Marla Gibbs is basically from Chicago, married there, eventually had three children, Donan, Joseph and Angela Gibbs and decided to come West following a divorce from husband, Jordan. She had been working as a United Airlines Reservation clerk. Wait a minute, the story really becomes extraordinary, Marla was married at age 13 and still completed high school and later attended Peters Business School. She even worked as a receptionist and switchboard operator in Detroit.
When finally relocating to Los Angeles, to prepare and educate herself for greater achievements, it became even more intense. The lady with a sarcastic wit who created the character of “Florence” the maid in the hit series “The Jeffersons” was well prepared to handle anything demanded of her in the film or TV industry.

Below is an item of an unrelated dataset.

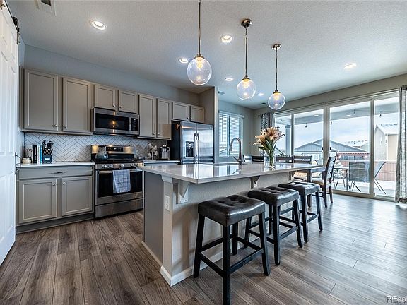 Welcome to 9192 Alberta Ct. This like-new 3 bed, 3 bath, plus loft, home is turnkey with gorgeous updates throughout. As you cross the threshold of the home, you are greeted by beautiful luxury vinyl flooring, which leads you to the wide-open floor plan containing the living room and kitchen. The kitchen has a large pantry with barn-door, new appliances, and an expansive center island! Lots of natural light flows through the large double sliding glass doors. Also contains a nice sized eat-in space. The living room features a gas fireplace and mantle, and is pre-wired for speakers. The main floor also has a powder bath. Upstairs you will find an oversized loft which would make a great additional living space or home office. The Primary bedroom has an attached primary bathroom with walk-in closet, double vanity and generous sized shower. The additional 2 bedrooms are good sized, sharing a bathroom located in the hall. Laundry room is also located upstairs! The upstairs is carpeted with high quality "pet-proof" carpeting. From the kitchen, you can make your way through the double slider, and on to your new concrete porch with covered patio. The backyard has a full privacy fence, sprinklered, and the home backs to a green-belt making it even more private. With quick access to E470, Parker Road, and I-25, you are quick to downtown Denver, DIA, Parker, Centennial, or a straight shot to the mountains. This home is practically new, and the hard part (yard, fence, sprinklers, etc.) is done and the location is great!

Once in Los Angeles, realizing the importance of being prepared for anything she might undertake, the first move Marla made was, when deciding she might try acting, was to enroll at the Mafundi Institute and the Watts Writers Workshop located in the Watts area. She later appeared in local productions, including that of “Meda,” “The Amen Corner” and “The Gingerbread Lady.”
It was after doing a few minor film roles, including the blaxploitation” film, “Black Belt Jones I” in 1974 that she was signed for the hole of “Florence Johnston” in “The Jeffersons” series. It was supposed to be an on-shot deal, but the reaction to the character was so overwhelming, the producers decided to extend the role of “Florence Johnston,” the foil to the Sherman Hemsley character “George Jefferson.” Marla quickly made me understand that she didn’t give up her job with the airlines until the show was a certified hit.
When the show ended following several fantastic years of success, Marla was picked up immediately for the lead in her own series “227,” which was a huge success.
Norman Lear, producer, gave it the green light and the rest is history. Marla never forgot who and what she was; no matter how successful she has become, she is always ready to give a helping hand. Marla even starred in my pre-Broadway production of “I Feel Sin Comin On” which had its formal public reading at the Saban Theater in Beverly Hills. The audience filled the seats and spent an evening of laughter and memories anytime she opened her mouth. After all, to them she was still “Florence” giving a piece of her mind when necessary.